Margate’s QEQM Hospital prepares to celebrate 90th birthday

QEQM opening ceremony

By Liz Crudgington

In 1930, Mickey Mouse made his first appearance in a comic strip, Scotch Tape was first marketed, and actor Sean Connery was born.

It also marked the official opening of the Queen Elizabeth The Queen Mother Hospital in Margate, which celebrates its 90th birthday on Friday, 3 July.

Staff plan to mark the occasion with a socially distanced celebration featuring a display of the hospital’s history, as well as cakes for patients and medical teams.

Susan Acott, chief executive of East Kent Hospitals, said: “Thousands and thousands of people have been cared for at the QEQM in its nine decades.

“And thousands more staff have cared for them, working through challenges from the Second World War to the current coronavirus pandemic.

“The hospital has featured in countless family celebrations and tragedies and has a real place in the hearts of many in our community.

“While we may not be able to have the celebrations we had planned, we will still mark the occasion in a socially distanced way and give thanks for the decades of service the hospital has seen.”

Building work on the St Peter’s Road site started in 1928, with the foundation stone laid by Sir Charles Batho, the then Lord Mayor of London, and the opening ceremony was performed by Prince and Princess Arthur of Connaught. Prince Arthur was the seventh of Queen Victoria’s nine children and his wife was a qualified nurse.

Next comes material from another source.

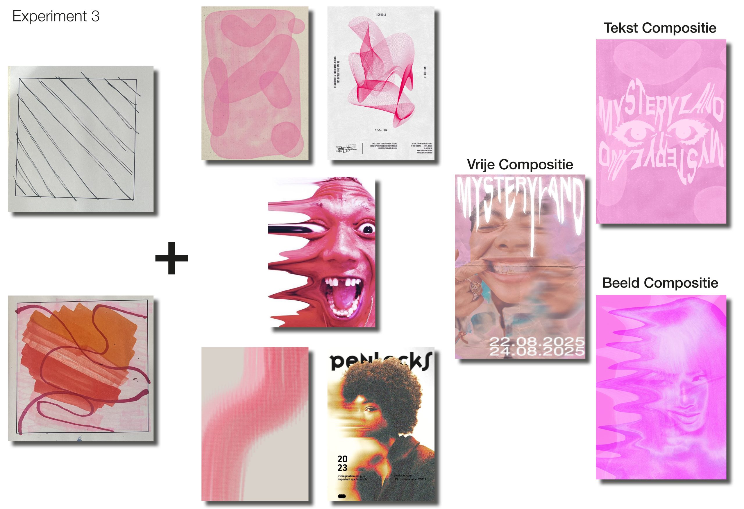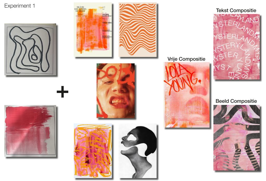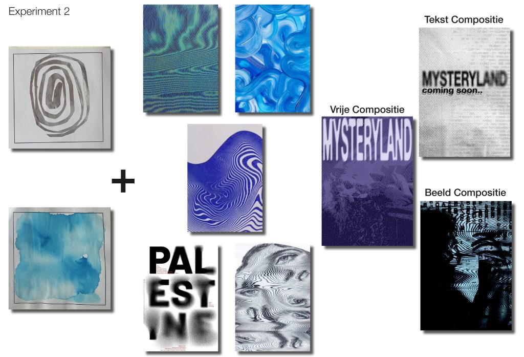 Dit was al het werk voordat ik echt kon beginnen met de poster en de app. Ik heb de stijl van experiment 3 doorgevoerd en heel veel dingen uitgeprobeerd. Ik ben erg tevreden met het eind resultaat, het is overzichtelijk maar toch surrealistisch.

The new hospital had 87 beds and one operating theatre and replaced the old Margate Cottage Hospital, which opened in 1876 and is now Edith Court. It cost a total of £70,000, largely raised by the Thanet community with additional contributions from further afield.

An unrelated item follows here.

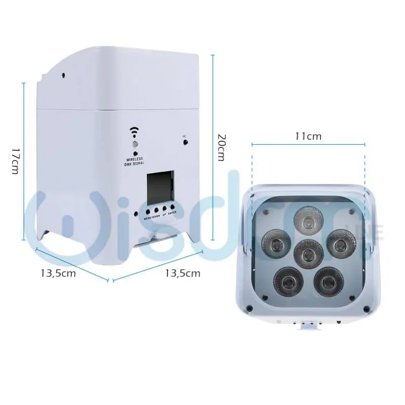 Faretto SmartBat senza fili a batteria ricaricabile con controllo wireless e telecomando, composto da 6 luci LED RGBWAUV da 18W ciascuna. Solida struttura in alluminio e design moderno. Grazie alla sua scocca e alla pratica maniglia, nonché alle ridotte dimensioni, risulta molto robusto e semplice da trasportare. Nella parte inferiore si trova una staffa inclinabile per poter orientare il faretto una volta posizionato a pavimento. Controllo tramite Wi-Fi (smartphone e tablet), DMX512 (wireless e cablato), oppure funzionamento in automatico o musicale. Tramite il DMX e direttamente dal display a led da 2” è possibile controllare: luminosità complessiva, luminosità singoli colori, strobo, macro.

In 1948, the hospital became part of the newly formed NHS, and was renamed Margate General Hospital. Over the years it became known as the Isle of Thanet District Hospital, Margate Wing, and then in 1986 Thanet District Hospital.

It wasn’t until 1996 that it was given its current name, when Prince Charles opened the new extension leading towards Ramsgate Road and the hospital became The Queen Elizabeth The Queen Mother Hospital.

By then it had 520 beds and nine operating theatres, and had absorbed staff, patients and services from the Royal Sea Bathing Hospital, which closed in the same year.

QEQM now provides a wide range of emergency and elective services and comprehensive trauma, orthopaedic, obstetrics, general surgery and paediatric services.

It has a dedicated heart centre, as well as intensive care facilities and children’s inpatient and outpatient services.